Cluster Editing, also known as correlation clustering, is a well-studied graph modification problem. In this problem, one is given a graph and allowed to perform up to k edge additions and deletions to transform it into a cluster graph, i.e., a graph consisting of a disjoint union of cliques. However, in real-world networks, clusters are often overlapping. For example, in social networks, a person might belong to several communities - e.g. those corresponding to work, school, or neighborhood. Another strong motivation comes from language networks where trying to cluster words with similar usage can be confounded by homonyms, that is, words with multiple meanings like "bat". The recently introduced operation of vertex splitting is one natural approach to incorporating such overlap into Cluster Editing.
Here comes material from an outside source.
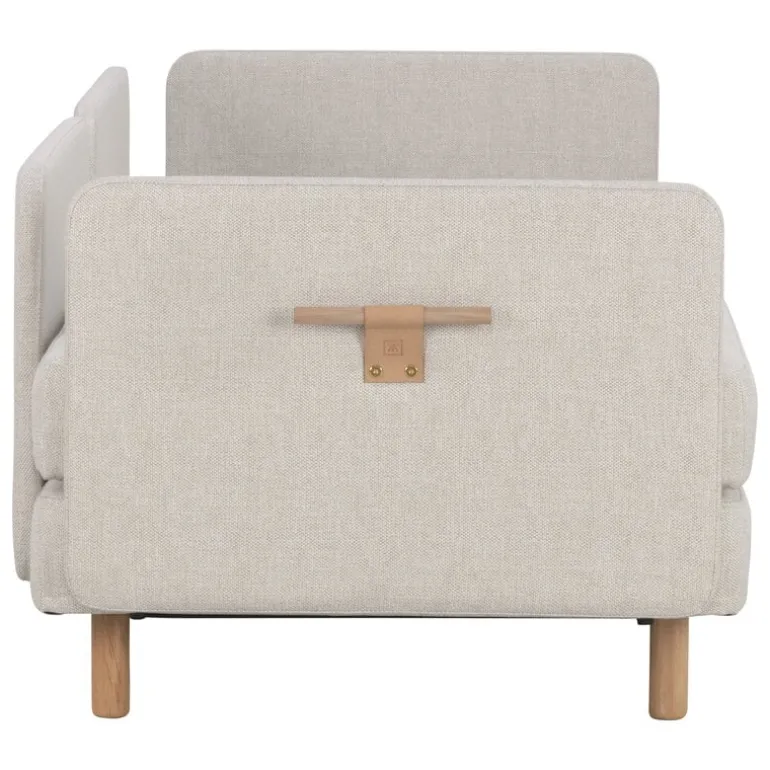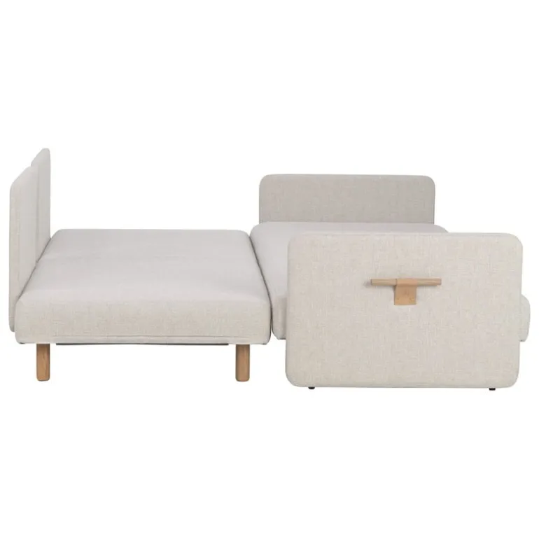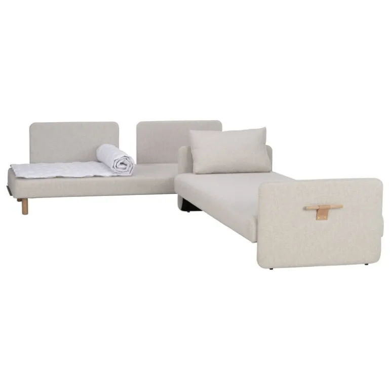 Madrasserna till de båda sängarna göms innanför kuddarna som är klädda i ett vackert vitt tyg. Storleken på respektive säng är komfortabla 80 x 200 cm, och bäddarna kan även skjutas ihop till en enda mysig queen size-säng. Både kuddarna och ramen har avtagbara överdrag i tyg.

First used in the context of graph drawing, this operation allows a vertex v to be replaced by two vertices whose combined neighborhood is the neighborhood of v (and thus v can belong to more than one cluster). The problem of transforming a graph into a cluster graph using at most k edge additions, edge deletions, or vertex splits is called Cluster Editing with Vertex Splitting and is known to admit a polynomial kernel with respect to k and an O(9^{k²} + n + m)-time (parameterized) algorithm. However, it was not known whether the problem is NP-hard, a question which was originally asked by Abu-Khzam et al. [Combinatorial Optimization, 2018]. We answer this in the affirmative. We further give an improved algorithm running in O(2^{7klog k} + n + m) time.

Emmanuel Arrighi, Matthias Bentert, Pål Grønås Drange, Blair D. Sullivan, and Petra Wolf. Cluster Editing with Overlapping Communities. In 18th International Symposium on Parameterized and Exact Computation (IPEC 2023). Leibniz International Proceedings in Informatics (LIPIcs), Volume 285, pp. 2:1-2:12, Schloss Dagstuhl – Leibniz-Zentrum für Informatik (2023)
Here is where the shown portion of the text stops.